This pressure regulator 76B is housed within a control panel 74B
which itself is mounted on a fence 58B. The pressure conduit 72B
and the pressure regulator 76B together help provide
pressure-regulated fluid communication between the second tank 70B
and a header pipe 82B also situated within the control panel 74B.
The header pipe 82B, in turn, is connected to a multiplicity of
flow meters 79A through 79AN (only flow meters 79A through 79F are
shown in FIG. 4) that are matchingly congruent in number to the
multiplicity of groundwater injection points 95A through 95N
implemented within the contaminated groundwater 51B below the
groundwater surface level 56B which coincides with the water table
40B. The flow meters 79A through 79AN serve to regulate fluid flow
between the header pipe 82B and a multiplicity of individual
injection conduits 103A through 103AN (not specifically shown
within the control panel 74B) that are harnessed together and
collectively pass through a main outlet pipe 80B. The main outlet
pipe 80B and the individual injection conduits together exit the
control panel 74B and enter the ground 24B via a ground bore
84B.
[0057] Once within the ground 24B, the individual injection
conduits 103A through 103AN exit the main outlet pipe 80B where
they are then separated into three separate bunches.

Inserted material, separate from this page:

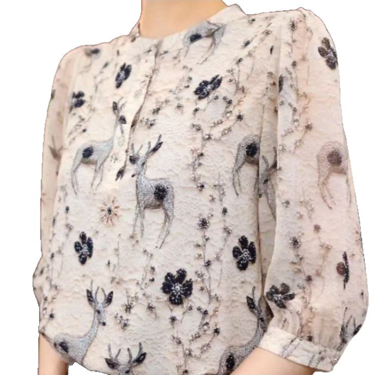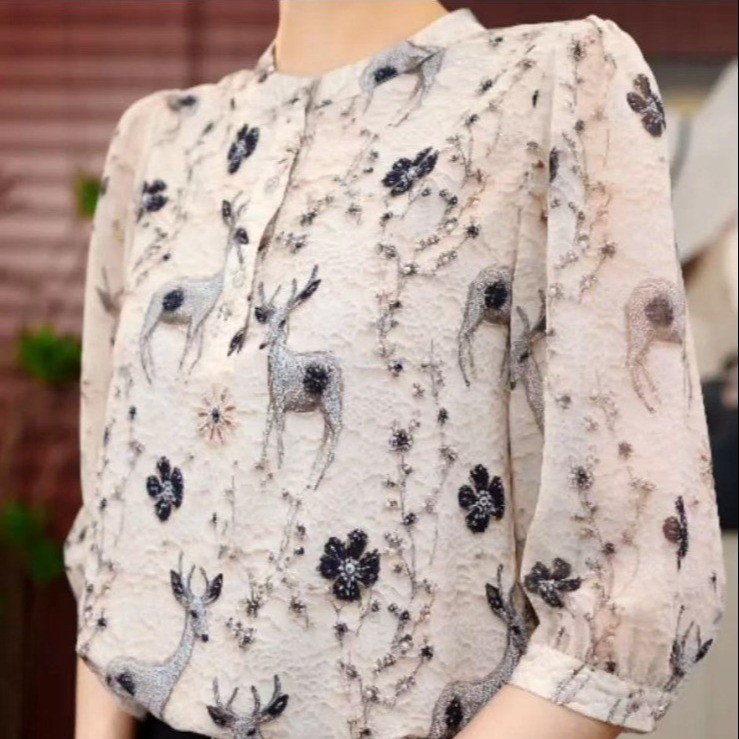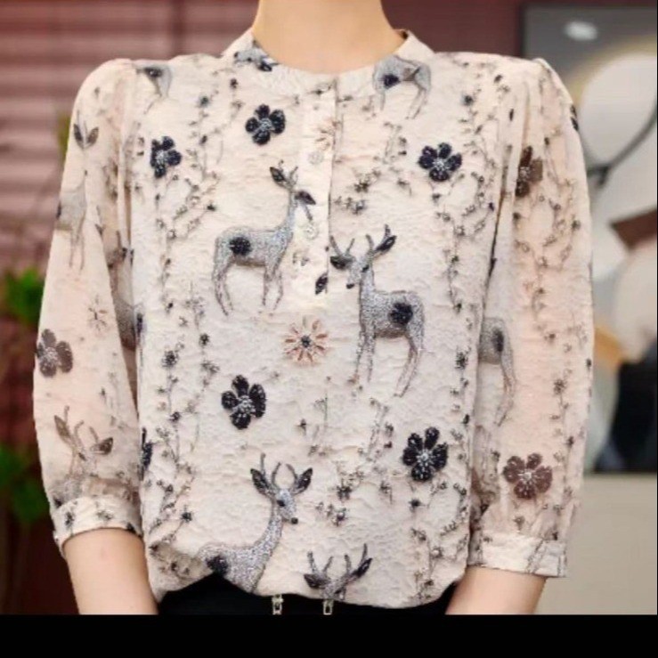 Весенний стиль для 50-летней матери, рубашки с рукавами три четверти, топы для женщин среднего и пожилого возраста, весенне-летние тонкие рубашки с принтом
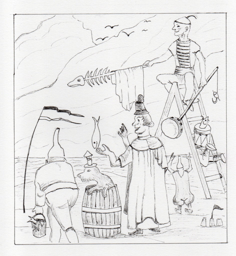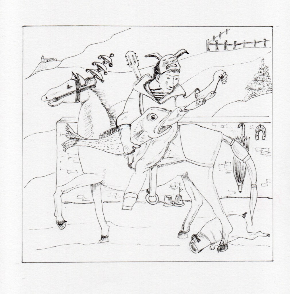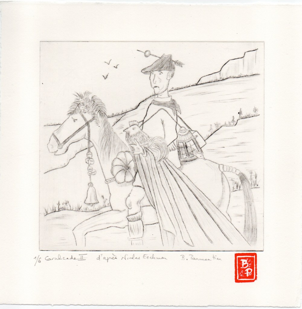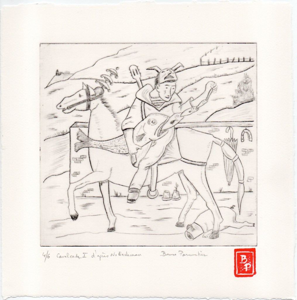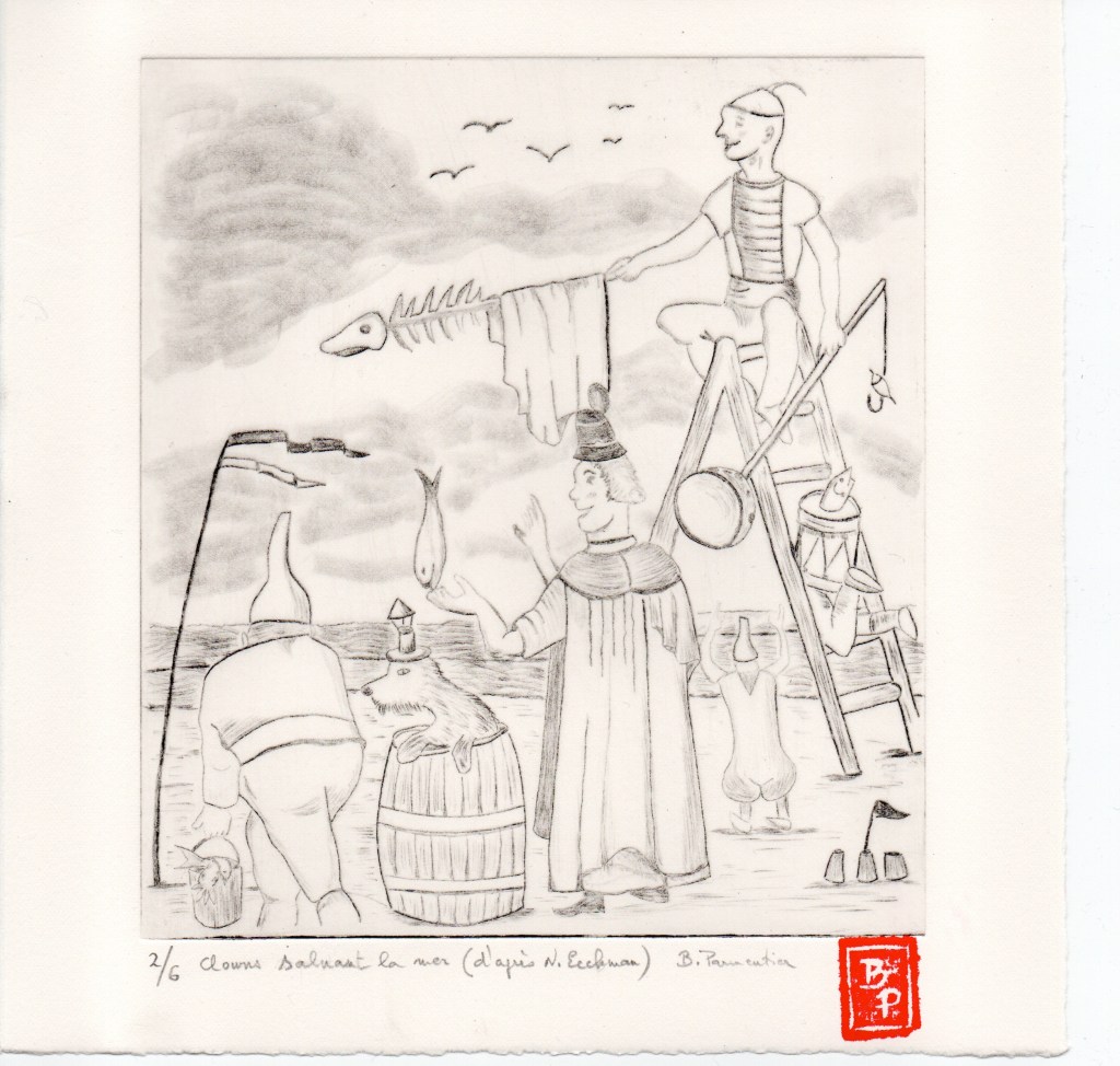 Gravures à la pointe sèche sur rhénalon (plexi). Impression à l’encre Charbonnel sur papier Magnani Pescia 100% coton 300gr. Matrice 14x 15 cm environ (Clowns et Cavalcade) – 20×24 cm environ (Poissons et Till)

As illustrated
in FIG. 8, each separate bunch of individual injection conduits
passes through one of three separate underground bore tunnels 87A
through 87C. As illustrated in both FIG. 6 and FIG. 8, the three
underground bore tunnels 87A through 87C are purposely defined
within the ground 24B such that the bore tunnels extend from the
ground bore 84B, cross below the water table 40B, specifically pass
under the body of contaminated groundwater 511B, cross back over
the water table 40B, and terminate at three separate ground bores
84C through 84E. Within the underground bore tunnel 87A, for
example, the free end portions of the individual injection conduits
passing therethrough are each pre-cut so that all individual
injection conduits within the underground bore tunnel 87A have
different lengths. Such is particularly illustrated, by way of
example, in both FIG. 4 and FIG. 5, wherein the three individual
injection conduits 103A through 103C are each depicted as having a
different length. In FIG. 4, the individual injection conduits 103A
through 103C are fully extended and commonly situated alongside
each other within the underground bore tunnel 87A. In FIG. 5, the
individual injection conduits 103A through 103C are each
individually illustrated within the underground bore tunnel 87A for
purposes of clarity and understanding herein. As illustrated in
both FIG. 5 and FIG. 7, the individual injection conduit 103B, by
way of example, is preferably comprised of polypropylene tubing and
includes an expandable screen portion 97B that is attached to its
free end portion 93B with a compression fitting 123B. Given such a
construction, a groundwater injection point 95B is thereby defined
on the free end portion 93B of the individual injection conduit
103B. All other individual injection conduits are similarly
constructed. In this way, a substantially evenly-spaced series of
groundwater injection points, beginning with groundwater injection
point 95A, is successfully situated within each of the three
underground bore tunnels 87A through 87C. As a result, when a
hydrogen peroxide solution is injected into the uncontaminated
groundwater 50B just below the body of contaminated groundwater 51B
via the groundwater injection points, the contaminated groundwater
51B is thereby completely and evenly treated.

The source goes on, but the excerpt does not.